# Doubt about RNS 510 with PN 1T0 035 680 H



## BETOGLI (Jul 15, 2010)

Hi Gals and Guys,

As the title says, I have a doubt about RNS 510 with PN 1T0 035 680 H. Are these RNS 510 for the American or the European Market? I think that this RNS 510 don't come with Sirius.

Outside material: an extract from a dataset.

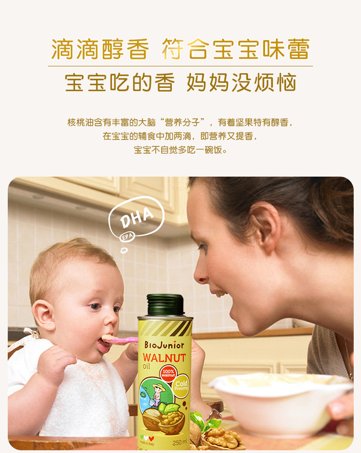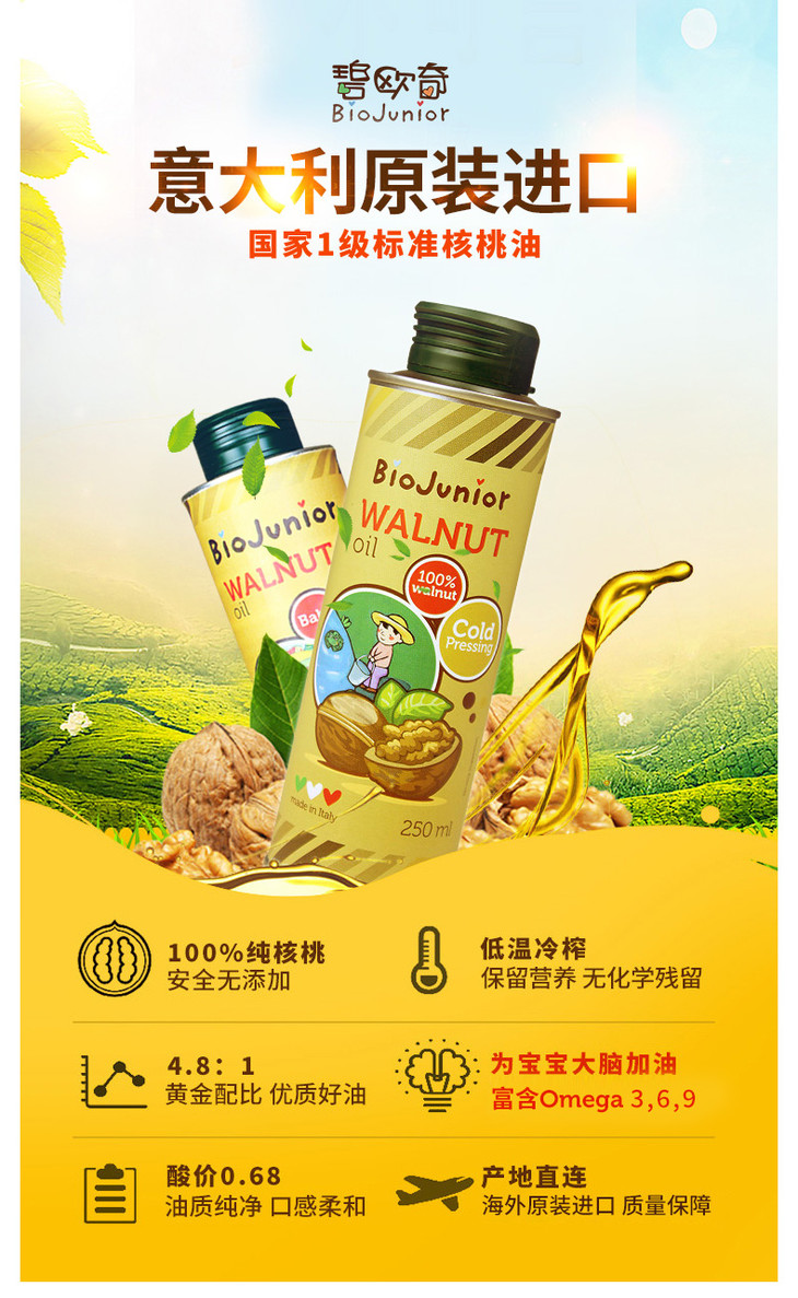 (超值)意大利进口 碧欧奇 婴幼儿核桃油 250m l宝宝营养品儿童辅食

In case that this RNS 510 are for the European Market, Which would it be the Pro's and Con's of using it in America?

In advance thank you so much for all your help and support!

Best regards,

Beto


----------



## BETOGLI (Jul 15, 2010)

Bump!


----------



## BETOGLI (Jul 15, 2010)

Hi Gals and Guys,

I have to say that Peter_Chicago at www.vwnavi.com helped me out with these¡ Thank you so much Peter¡ :thumbup::thumbup::beer:

Here is the link to his answer:

http://vwnavi.com/volkswagen-factor...181-doubt-about-rns-510-pn-1t0-035-680-h.html



Beto,

It is a EU spec unit if it ends with numbers 680

ending numbers 684 are USA/Canada/Mexico
ending numbers 681 is China

Thanks again man!

Beto


----------



## Peteski (Sep 29, 2000)

BETOGLI said:


> Hi Gals and Guys,
> 
> I have to say that Peter_Chicago at www.vwnavi.com helped me out with these¡ Thank you so much Peter¡ :thumbup::thumbup::beer:
> 
> ...


No problem Beto......



-Peter


----------



## BETOGLI (Jul 15, 2010)

Peteski said:


> No problem Beto......
> 
> 
> 
> -Peter



Thanks again man! :thumbup::thumbup:


----------